Personal loan or home improvement loan? That is the problem.
We like to decorate our house.
There are stages in our lives, maybe we spent too much time looking at food and food or TLC, so we built a castle in the air and turned our kitchen into a chef's paradise. Or according to our main bathroom is just a shower away from the disaster. Because we really like the Italian tiles in our bathroom.
If so, then cheer, you are not alone. Recently, the Harvard University Housing Research Center has investigated and reported that the home furnishing industry should continue to record record spending in 2016. For many people, this means borrowing money to pay for well-planned home improvement and home décor plans. .
Now, a person is bought to face a difficult, difficult, and sometimes hypothetical problem.
So, which home improvement loan is right for you?
Many homeowners and housewives want to take advantage of the assets in their homes. But for some borrowers, home equity loans or home equity credit lines may be impossible or very practical. In this case, you should consider using a personal loan.
Although it is well known that people can use personal loans for a variety of reasons, there are some reasons why personal loans can outperform home equity loans in terms of renewal loans, specifically.
The application process for personal loans is usually very simple and very simple. Your own financial situation – for example, your credit history and perceived ability; this is usually the main determinant of whether you can get a loan, the exact amount, and if so, at what rate. Some personal loans even boast that there is no original fee.
However, on the other hand, home equity loans or home improvement loans are similar to applying for a mortgage [in fact, home equity loans are sometimes referred to as second mortgages]. How much you can borrow depends on several factors, including the value of your home. Because you can only borrow the benefits you already have [that is, the difference between your home value and your mortgage], you may need to arrange – and pay – a home assessment.
Let us now look at the housing improvement loan situation. With a home equity loan or a home improvement loan, you can only borrow the equity you own – as a new homeowner, there may not be much. You may not have enough time to cut your mortgage, and the market has not raised the price of your home. No matter how much equity you have, personal loans can help you start a home improvement. Therefore, this is a benefit of using housing to improve loans.

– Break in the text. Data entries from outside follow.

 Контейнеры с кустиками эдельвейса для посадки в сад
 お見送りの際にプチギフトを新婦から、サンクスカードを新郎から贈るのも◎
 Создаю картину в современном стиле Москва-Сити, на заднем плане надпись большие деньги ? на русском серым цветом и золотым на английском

With a home equity loan, you use the home as a mortgage, which means that failure to repay may result in foreclosure of your home. While failing to pay for your personal loan can be risky [such as damaging your credit and credit score], it is not tied directly to the head, like a gun on your head. Therefore, using personal loans is better and safer.

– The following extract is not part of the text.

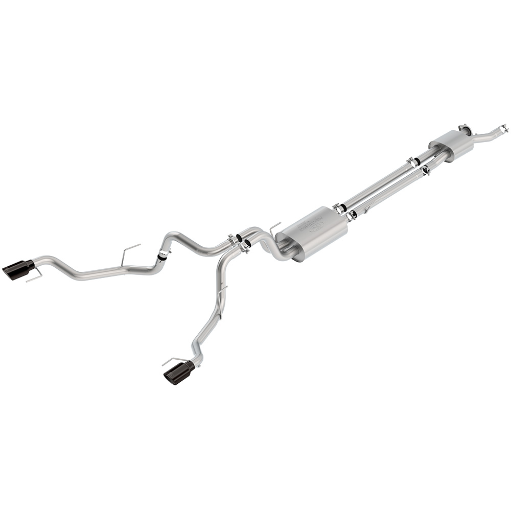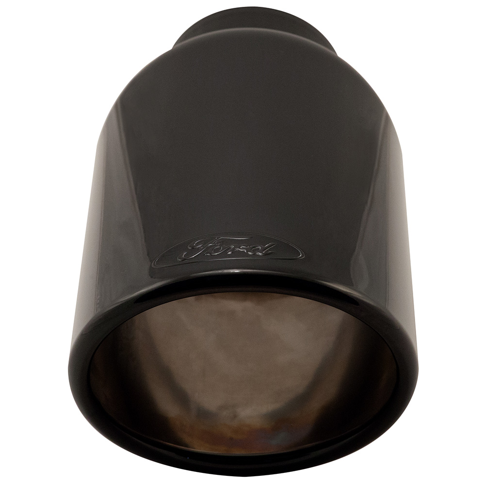 - Dual rear exit with 4.5” black chrome plated stainless exhaust tips with embossed Ford logo
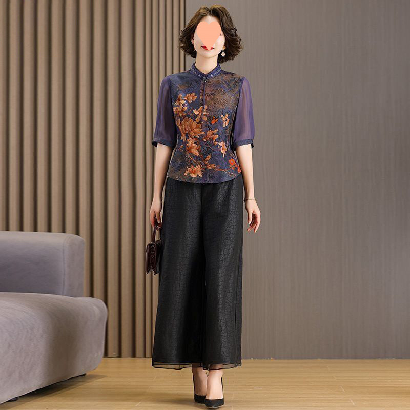 新しい中国風ママ夏シフォンスーツ、中高年女性向けのおしゃれなトップス、中高年女性向け夏半袖Tシャツ

So, if we decide which one is better, safer and more appropriate?
Personal loans may not be suitable for every borrower seeking a home improvement loan. For example, if you have a large equity at home and want to borrow a lot of money, you can save money by lowering the interest rate on home equity loans. In addition, in some cases, interest on home equity loans and credit lines can be tax deductible; however, personal loans are clearly not the case.
On the other hand, personal loans make sense for these types of customers: –
• The nearest buyer.
• Small home renovation loans [for example, bathroom or kitchen instead of full renovation]
• Borrowers in lower home value markets [if your home value has barely changed since it was moved in, you may not have much equity available for home equity loans].
• For those who value easy and fast.
• Borrowers with good credit and cash flow.
While home equity loans and credit lines are a good source of home renovation funds, if you have established equity at home, if you are a new homeowner and need to take care of a home loan, a personal loan may be a better option. Some updates make your new home just right and perfect.
Finally, we conclude that personal loans are a better option than housing improvement loans.